▶ **Material for this task**
####################

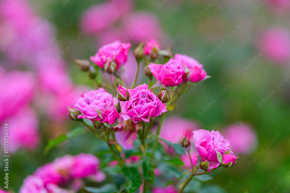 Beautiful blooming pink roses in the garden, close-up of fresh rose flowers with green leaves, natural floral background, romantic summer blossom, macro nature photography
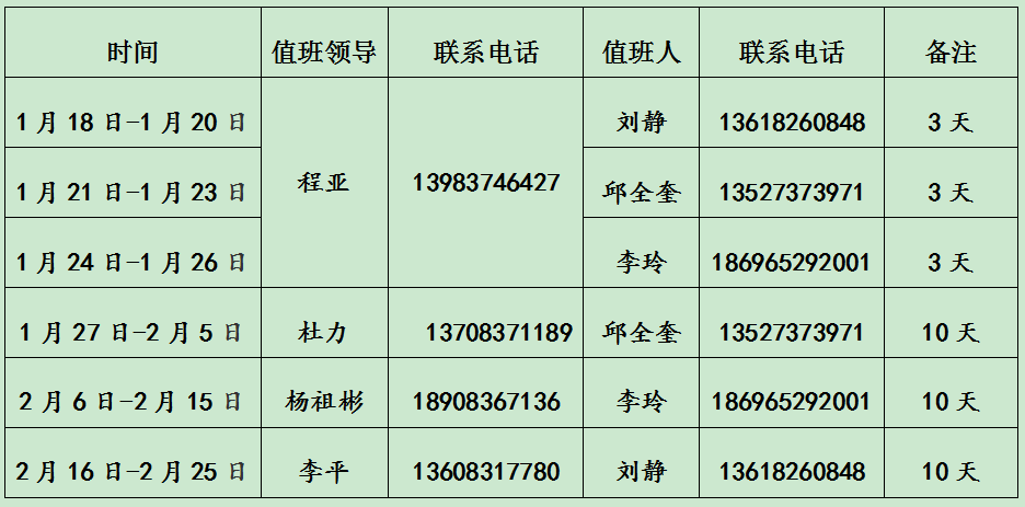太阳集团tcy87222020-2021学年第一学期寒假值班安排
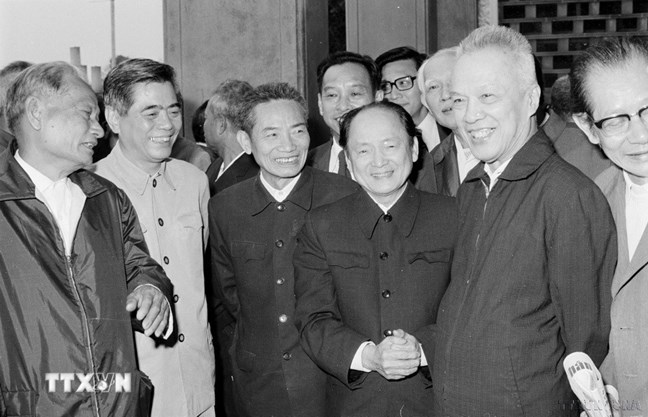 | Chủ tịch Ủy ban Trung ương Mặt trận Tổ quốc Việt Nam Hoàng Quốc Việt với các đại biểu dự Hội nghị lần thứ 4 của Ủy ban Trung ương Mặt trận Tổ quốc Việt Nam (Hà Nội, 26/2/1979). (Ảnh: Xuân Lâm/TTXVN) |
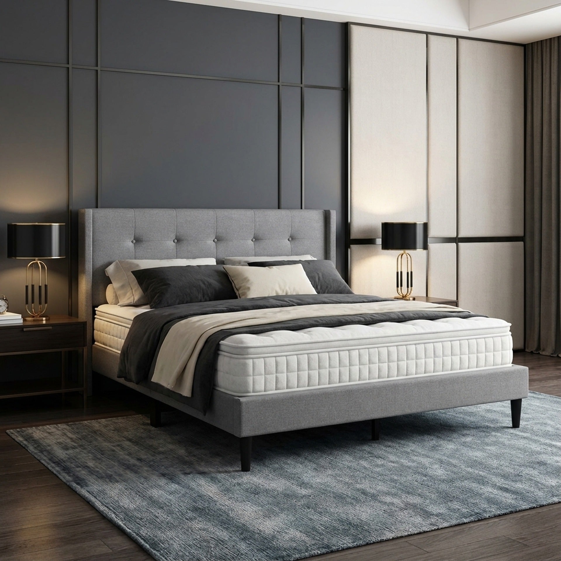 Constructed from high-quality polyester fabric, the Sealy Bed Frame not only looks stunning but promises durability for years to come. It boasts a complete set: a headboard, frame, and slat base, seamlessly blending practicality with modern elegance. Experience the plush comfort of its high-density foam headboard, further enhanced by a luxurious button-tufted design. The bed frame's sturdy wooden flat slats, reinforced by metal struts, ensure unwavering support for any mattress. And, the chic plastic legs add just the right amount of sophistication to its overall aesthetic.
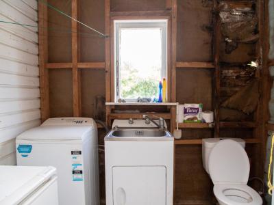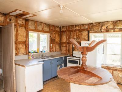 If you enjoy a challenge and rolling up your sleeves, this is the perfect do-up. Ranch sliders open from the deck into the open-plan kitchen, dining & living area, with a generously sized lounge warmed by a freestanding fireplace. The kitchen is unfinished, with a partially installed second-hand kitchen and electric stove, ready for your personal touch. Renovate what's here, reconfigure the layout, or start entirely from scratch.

####################

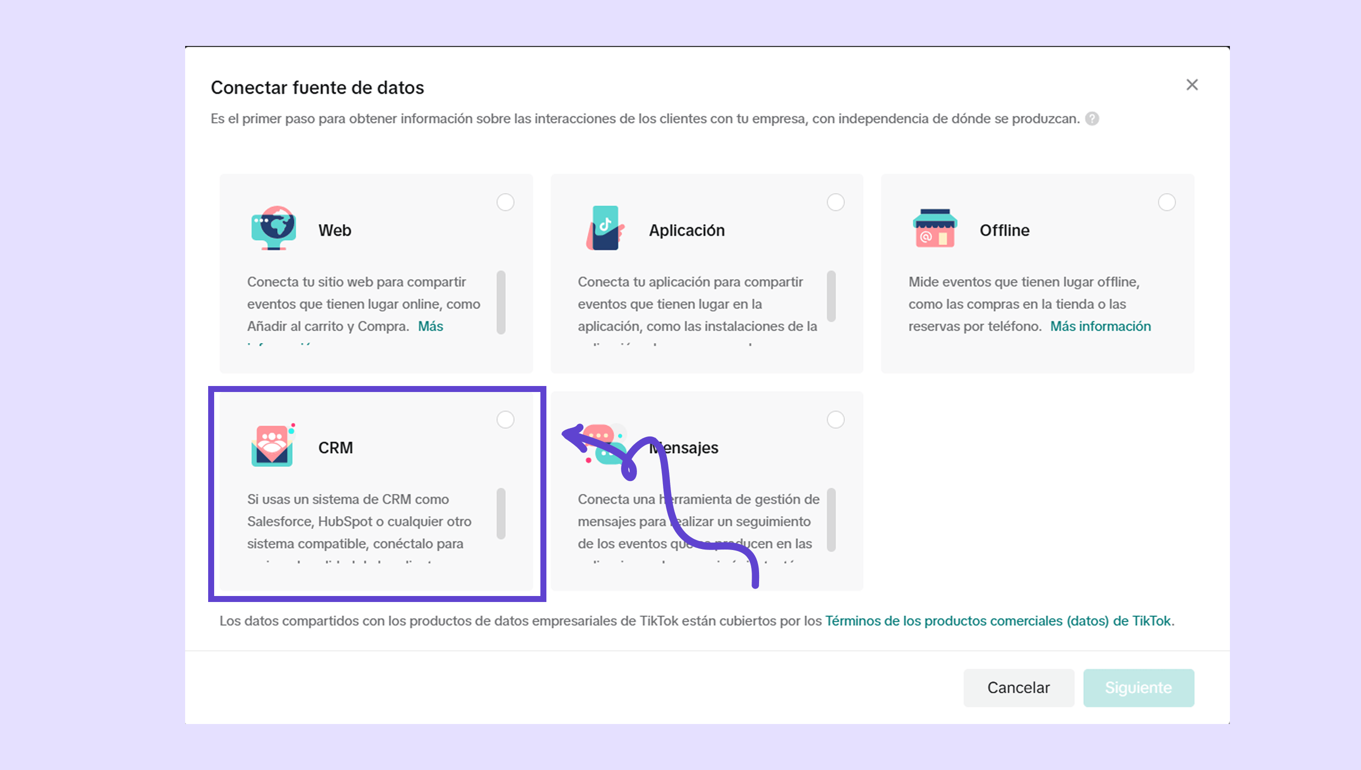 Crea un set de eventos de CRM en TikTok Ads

####################

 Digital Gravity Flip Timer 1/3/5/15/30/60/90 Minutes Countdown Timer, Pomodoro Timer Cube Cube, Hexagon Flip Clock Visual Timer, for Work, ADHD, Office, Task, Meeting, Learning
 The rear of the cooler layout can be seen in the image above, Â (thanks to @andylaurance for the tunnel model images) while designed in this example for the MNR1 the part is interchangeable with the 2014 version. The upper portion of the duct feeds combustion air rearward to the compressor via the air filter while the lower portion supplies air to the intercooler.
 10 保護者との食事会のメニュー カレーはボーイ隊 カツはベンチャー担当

####################

▶ **Required work**
For this exercise, repeat exactly the lines of the data above from the one with "Digital Gravity Flip" down to the one with "10 保護者との食事会のメニュー カレーはボーイ隊 カツはベンチャー担当", both end lines included.

▶ **Answer space**
 Digital Gravity Flip Timer 1/3/5/15/30/60/90 Minutes Countdown Timer, Pomodoro Timer Cube Cube, Hexagon Flip Clock Visual Timer, for Work, ADHD, Office, Task, Meeting, Learning
 The rear of the cooler layout can be seen in the image above, Â (thanks to @andylaurance for the tunnel model images) while designed in this example for the MNR1 the part is interchangeable with the 2014 version. The upper portion of the duct feeds combustion air rearward to the compressor via the air filter while the lower portion supplies air to the intercooler.
 10 保護者との食事会のメニュー カレーはボーイ隊 カツはベンチャー担当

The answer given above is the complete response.